Data extract =>
════════

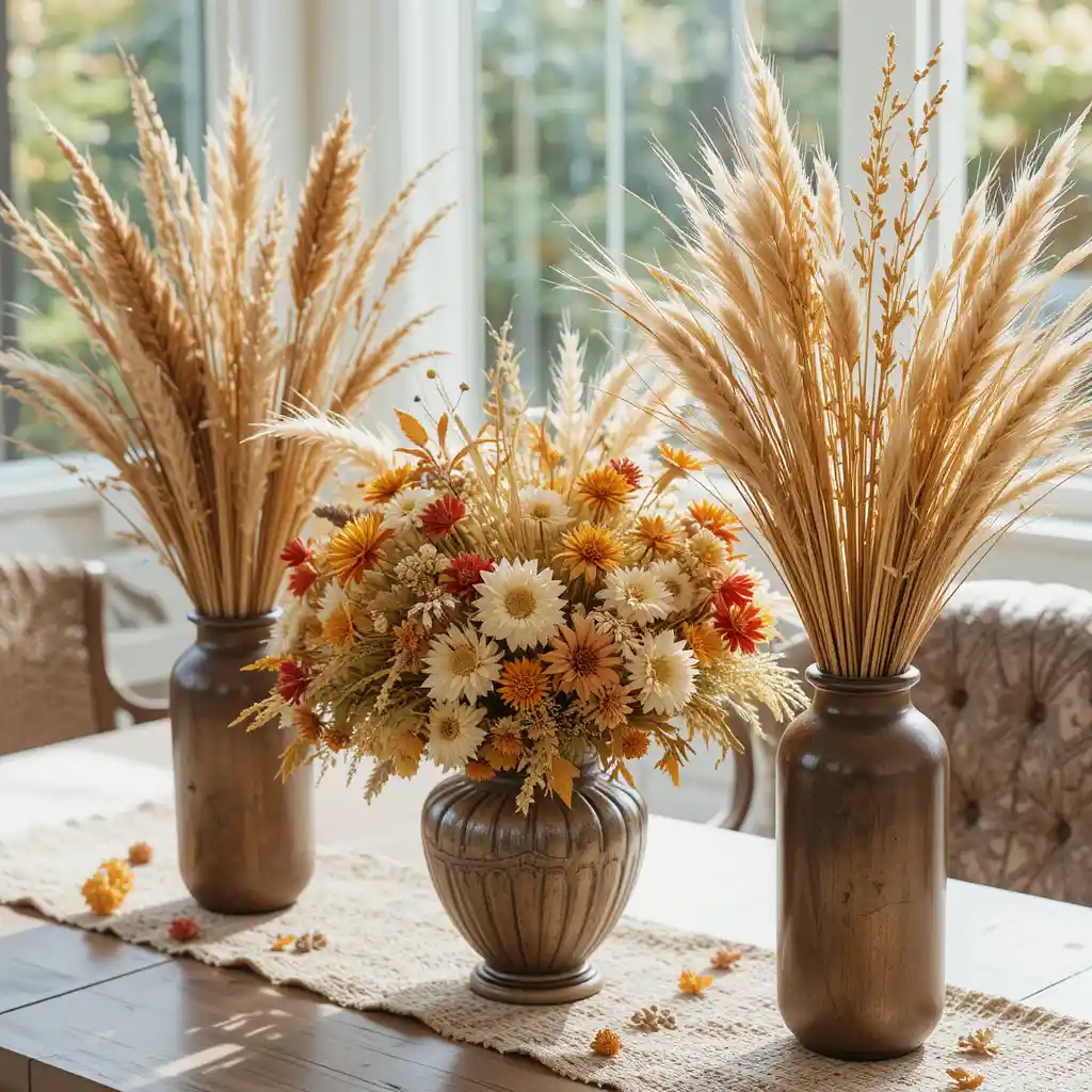 Place dried flowers, wheat stalks, or pampas grass in rustic vases for a natural fall centerpiece. They add texture and last all season without maintenance.
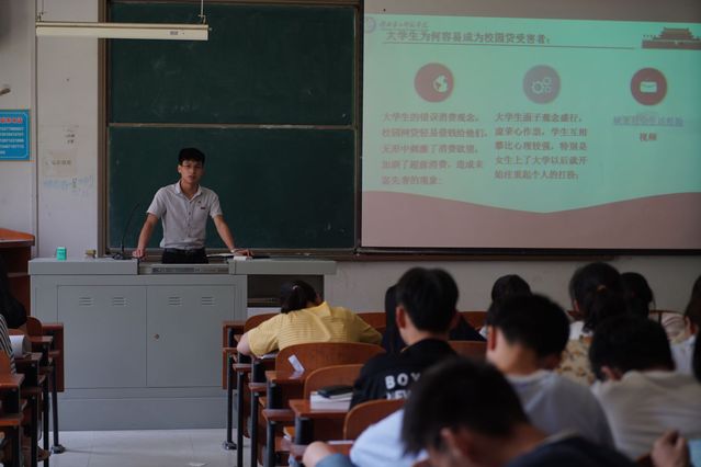 宣讲团成员结合具体案例、生动的漫画及视频展播方式,从防溺水、防不良网贷、防传销三个方面进行安全教育宣讲,让同学们深刻认识我们应当如何更好的保护生命安全,遇到安全问题时如何采取防范措施。邓重阳结合当代大学生行为特点、生活习惯、心理活动等方面,对大学生陷入网贷、传销的原因深入分析,倡导大学生应端正心态、理性消费。尤欣雅详细分析了同学们身边可能存在的安全隐患,并列举了预防措施。
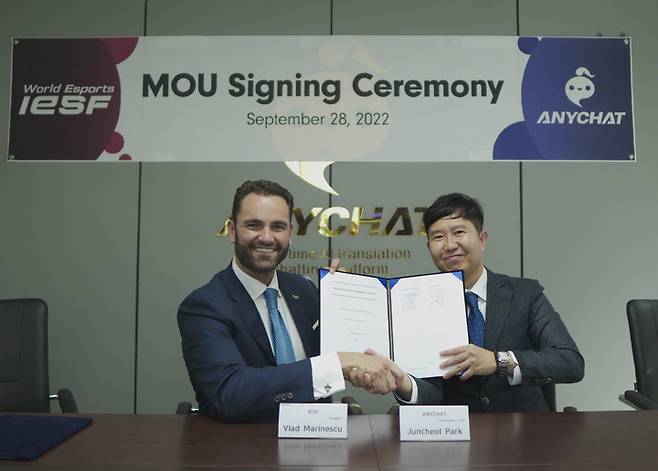 실시간 인공지능(AI) 번역 채팅 플랫폼 회사 애니챗은 129개의 회원국을 보유한 국제이스포츠연맹과 세계 이스포츠 산업 발전을 위한 업무협약(MOU)을 체결했다고 28일 밝혔다.

════════

Your goal => Repeat the data exactly, dropping every picture it holds.

Exercise output =>
 Place dried flowers, wheat stalks, or pampas grass in rustic vases for a natural fall centerpiece. They add texture and last all season without maintenance.
 宣讲团成员结合具体案例、生动的漫画及视频展播方式,从防溺水、防不良网贷、防传销三个方面进行安全教育宣讲,让同学们深刻认识我们应当如何更好的保护生命安全,遇到安全问题时如何采取防范措施。邓重阳结合当代大学生行为特点、生活习惯、心理活动等方面,对大学生陷入网贷、传销的原因深入分析,倡导大学生应端正心态、理性消费。尤欣雅详细分析了同学们身边可能存在的安全隐患,并列举了预防措施。
 실시간 인공지능(AI) 번역 채팅 플랫폼 회사 애니챗은 129개의 회원국을 보유한 국제이스포츠연맹과 세계 이스포츠 산업 발전을 위한 업무협약(MOU)을 체결했다고 28일 밝혔다.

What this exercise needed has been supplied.